As a senior parent ages and his or her body starts to slow and break down, the need for prescription medicines will likely increase. Keeping track of multiple medicines and all that comes with that (dose amounts and times, side effects, contraindications, interactions, etc.) takes significant time and effort. The stakes are also high: improperly taking medications can have serious consequences for anyone’s health, but especially for a senior. To stay safe, read our recommendations below and know that it never hurts to enlist some help.
Keep a List of All Medications One of the most important ways to help a parent with med management is to keep a record of all the medications he or she takes. Tack this list to the fridge and make sure it includes:
- Dose time (organize the list from morning to evening)
- Whether it should be taken with food
As a further precaution, keep a more complete document that lists this information along with known side effects, contraindications, and why Grandma or Grandpa takes the medication. Compiling this list will take time, but it will lessen stress in the long-run.
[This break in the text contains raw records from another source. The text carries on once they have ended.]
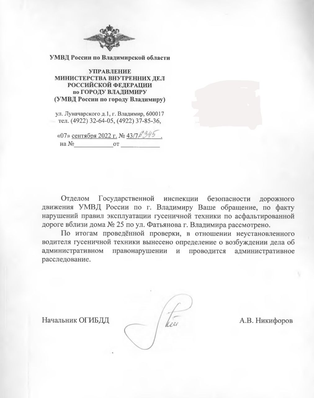 В отношении водителя гусеничной техники, который проезжал по асфальтированной дороге у дома 25 по улице Фатьянова во Владимире, вынесено определение о возбуждении дела об административном правонарушении.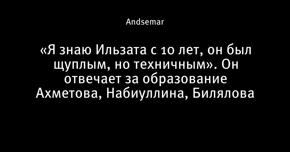 «Я знаю Ильзата с 10 лет, он был щуплым, но техничным». Он отвечает за образование Ахметова, Набиуллина, Билялова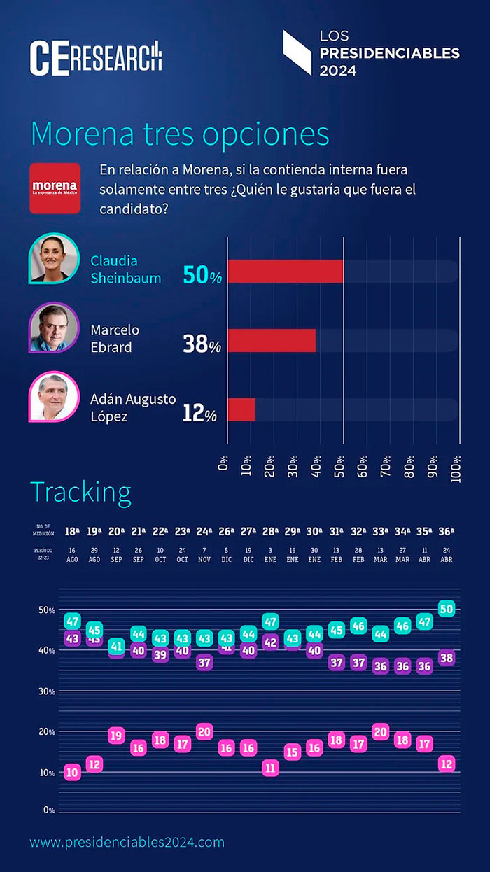 A la pregunta de ¿quién de los tres punteros le gustaría que fuera el candidato? Nuevamente Claudia Sheinbaum puntea con un 50%, le sigue Marcelo Ebrard con 38% y en tercer lugar Adán Augusto López Hernández con 12%.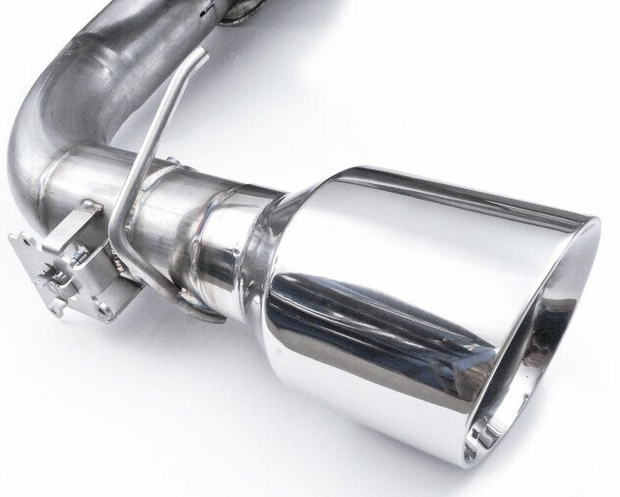 2016-18 Ford Focus RS 2.3L 304 SS 3" Catback Exhaust. Includes our vintage round muffler, chambered muffler and two 5" diameter mirror polished 304 SS slash cut conical double wall tips. Includes all hangers, clamps, and adapters for a swift and painless installation. Includes Stainless Work's replacement valve as pictured. Mates to the factory connection point and also connects to Stainless Works' Downpipe to make a full 3" system!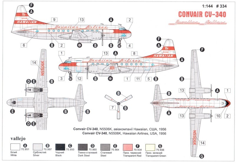 Vorbild: Die Convair CV-340 (auch als Convair 340 bzw. Convairliner 340 bezeichnet) ist ein zweimotoriges Passagierflugzeug des US-amerikanischen Flugzeugherstellers Convair mit Kolbentriebwerken. Der Erstflug der Kurzstrecken-Maschine fand am 5. Oktober 1951 statt. Der Tiefdecker wurde nach neuen Forderungen seitens der United Air Lines aus der Convair CV-240 weiterentwickelt. Zwei Türen mit eingebauter Treppenanlage verringerten die Abhängigkeit von Bodeneinrichtungen und beschleunigten die Passagierabfertigung. Gegenüber dem Ausgangstyp wurde die Kabine um 1,37 Meter verlängert. Diese Verlängerung wurde für eine zusätzliche Sitzreihe verwendet. Die Convair CV-340 bot damit 44 Passagieren in 11 Sitzreihen Platz. Auch der Tragflügel und das Seitenleitwerk wurden verändert. Insgesamt wurden 209 Maschinen dieses Typs an Fluggesellschaften verkauft, 37 gingen an private Betreiber. Damit war der Typ wirtschaftlich erfolgreich. Das Muster blieb bei den großen Fluggesellschaften bis etwa Mitte der 1960er Jahre im Einsatz, um dann den aufkommenden modernen Kurzstreckenjets wie der Boeing 737 zu weichen. Die Lufthansa beschaffte 1954 vier Maschinen dieses Typs und nutzte sie bis 1968. Viele Maschinen, auch die der Lufthansa, wurden mit Hilfe eines von Convair gelieferten Umrüstsatzes zu Convair CV-440 umgerüstet.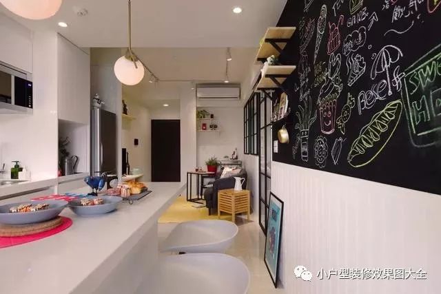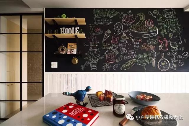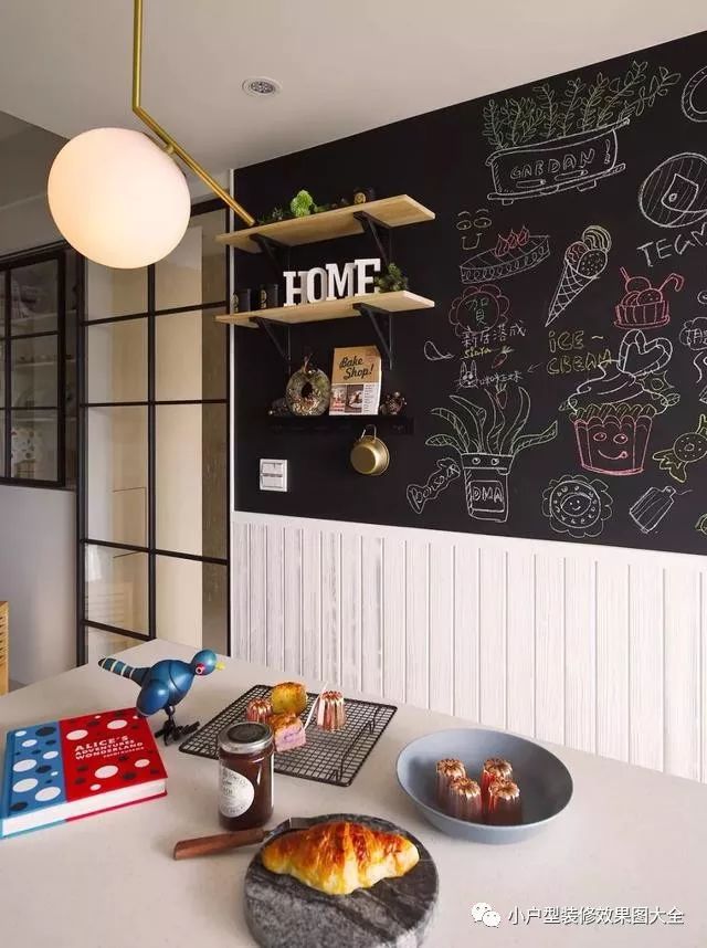 餐厅和厨房是结合在一起的,后方是黑白色搭配的墙壁,上方是一面黑板,下方是条形的半面墙壁,清新简约。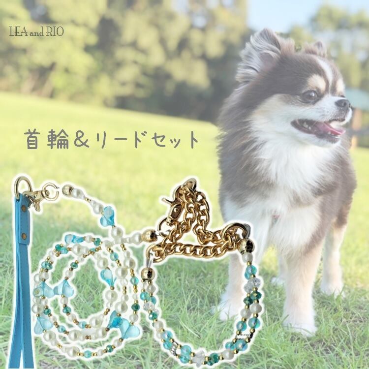 小型犬用のリードとお揃いの首輪のセット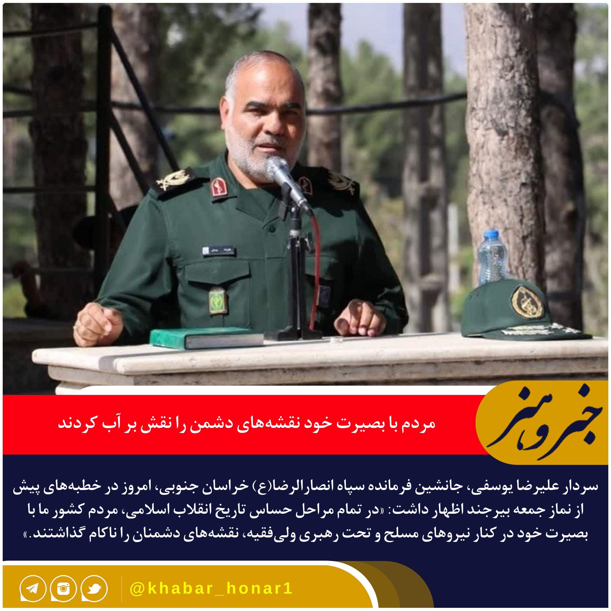 به گزارش خبر و هنر، سردار علیرضا یوسفی، جانشین فرمانده سپاه انصارالرضا(ع) خراسان جنوبی، امروز در خطبههای پیش از نماز جمعه بیرجند اظهار داشت: «در تمام مراحل حساس تاریخ انقلاب اسلامی، مردم کشور ما با بصیرت خود در کنار نیروهای مسلح و تحت رهبری ولیفقیه، نقشههای دشمنان را ناکام گذاشتند.»

Consult with Your Doctor and Pharmacist Bring your list of medications to your provider (you might bring along patient information leaflets to be safe) and ask him or her to review for potential hazards, such as a medication or dosage that’s inappropriate for your parent’s age, or dangerous interactions with other medications (or even herbal supplements). It never hurts to get a second opinion, so a pharmacist should look the list over, too.
Use a Pill Dispenser Organizing medicines in a pill dispenser lessens confusion and creates easy access. Choose a dispenser with large font and sturdy design—the last thing you want is for your parent to have to fumble with lids and spill pills across the floor. Even with a pill box, you may want to retain original bottles and leaflets somewhere safe for your records. There are also services that sort pills into individual, labelled packets according to the time of day pills are meant to be taken and ship them to your door each month.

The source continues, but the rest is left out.